Deep Dive: My Tools of Choice

Going into the project, I was prejudiced against cordless tools: they generally seemed to be wimpy "play-pretend" tools with batteries that always died at just the wrong time. Forever hopeful for improvement, I'd bought and sold quite a few of them, all "high-quality" name-brand pro-sumer models that failed to impress. Since I wouldn't have electric service for some time, I armed myself with a monster portable generator that would deliver all the power I could possibly need—albeit along with considerable noise:

But shortly before getting down to business, I'd come across an article that suggested a new generation of cordless tools, powered by vastly superior batteries, represented the next step in their evolution. On a lark, I decided to give one a try. I deliberately chose a circular saw, as I'd found them to be the weakest link in the cordless tool menagerie. Having had a good experience using a DeWalt corded miter saw, I chose a DeWalt 20-volt circular saw as my new guinea pig.

I charged it up and had at a two-by-four (something a previous cordless saw couldn't even begin to cut).

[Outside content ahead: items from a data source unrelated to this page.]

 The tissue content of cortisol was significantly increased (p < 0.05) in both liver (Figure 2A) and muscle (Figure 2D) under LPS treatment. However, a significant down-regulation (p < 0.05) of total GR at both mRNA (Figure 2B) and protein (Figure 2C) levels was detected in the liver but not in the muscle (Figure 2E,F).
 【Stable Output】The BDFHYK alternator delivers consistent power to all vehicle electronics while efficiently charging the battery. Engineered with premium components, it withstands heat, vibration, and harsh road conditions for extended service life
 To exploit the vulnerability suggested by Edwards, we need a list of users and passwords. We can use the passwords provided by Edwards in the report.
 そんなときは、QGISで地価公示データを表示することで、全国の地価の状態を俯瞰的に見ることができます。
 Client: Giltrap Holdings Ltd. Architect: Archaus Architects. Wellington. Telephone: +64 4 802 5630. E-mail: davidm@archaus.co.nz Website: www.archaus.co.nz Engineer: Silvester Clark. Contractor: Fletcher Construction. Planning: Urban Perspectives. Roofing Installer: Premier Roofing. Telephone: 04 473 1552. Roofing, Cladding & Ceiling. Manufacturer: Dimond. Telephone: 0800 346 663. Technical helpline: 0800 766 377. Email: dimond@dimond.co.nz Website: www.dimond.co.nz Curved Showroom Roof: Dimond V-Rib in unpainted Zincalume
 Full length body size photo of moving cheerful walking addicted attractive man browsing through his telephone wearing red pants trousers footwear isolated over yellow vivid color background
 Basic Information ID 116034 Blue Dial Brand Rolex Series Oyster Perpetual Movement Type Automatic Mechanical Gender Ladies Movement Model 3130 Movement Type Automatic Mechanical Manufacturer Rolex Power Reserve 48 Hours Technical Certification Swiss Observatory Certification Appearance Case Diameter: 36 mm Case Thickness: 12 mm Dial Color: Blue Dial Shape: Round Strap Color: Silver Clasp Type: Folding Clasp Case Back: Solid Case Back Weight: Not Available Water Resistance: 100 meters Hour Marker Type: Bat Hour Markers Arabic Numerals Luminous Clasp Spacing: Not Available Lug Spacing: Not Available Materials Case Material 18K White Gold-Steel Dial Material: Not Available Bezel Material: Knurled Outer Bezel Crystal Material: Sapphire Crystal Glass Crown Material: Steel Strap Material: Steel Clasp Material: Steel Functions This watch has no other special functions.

Wow. The beast chewed through it with barely any effort. So I took on a two-by-twelve, and it mowed through the thing with the same vigor as my big Porter-Cable corded saw! This resulted in an immediate about-face: suddenly I was thoroughly impressed by a cordless tool.

I then went out and purchased DeWalt's biggest impact-drill-driver, and these two tools have done 99.9% of the work on my house. Indeed, I wound up never using any of my corded tools (and, furthermore, I later sold nearly all of them!). It was particularly satisfying to rip several four-by-eight sheets of 3/4-inch sheathing lengthwise before having to change the battery. Although I had plenty of spares, which I charged with a little tiny generator, I rarely went through more than two or three of them in a day. Here are my two "hero" tools on their first official day at work:

Naturally I bought a few other tools: a saber saw, a saws-all, and a couple of other sizes of drill-driver. The saws-all was the next-most impressive of the lot: it was unfazed by stacks of two-bys populated with loads of screws, and also made short work of pruning small tree branches. Meanwhile, their baby 12-volt drill-driver became my go-to tool for all of my electrical work.

A year and a half and many, many thousands of cuts later, the circular saw is still going strong, now only on its second blade. And for the record, it never once bogged down or stalled. The drill-driver has been dropped, rained on and used relentlessly (the house is assembled exclusively with screws—there are no nails!), and it has likewise been a champ throughout. Plus, none of the batteries have yet to peter out.

Recently I needed to rip a 2x12 lengthwise. The 10-foot long cut was handled masterfully by the circular saw, although it did almost completely deplete a full charge. Still, that was a mighty impressive achievement for a battery-powered tool.

Doubtless there are other brands of comparable quality, but given the immense level of satisfaction I have with these tools—not to mention the massive amount of work they've done—I offer my enthusiastic endorsement of DeWalt's pro-sumer 20-volt tools. I still think it's awesome to realize that two battery-powered tools basically built this whole house!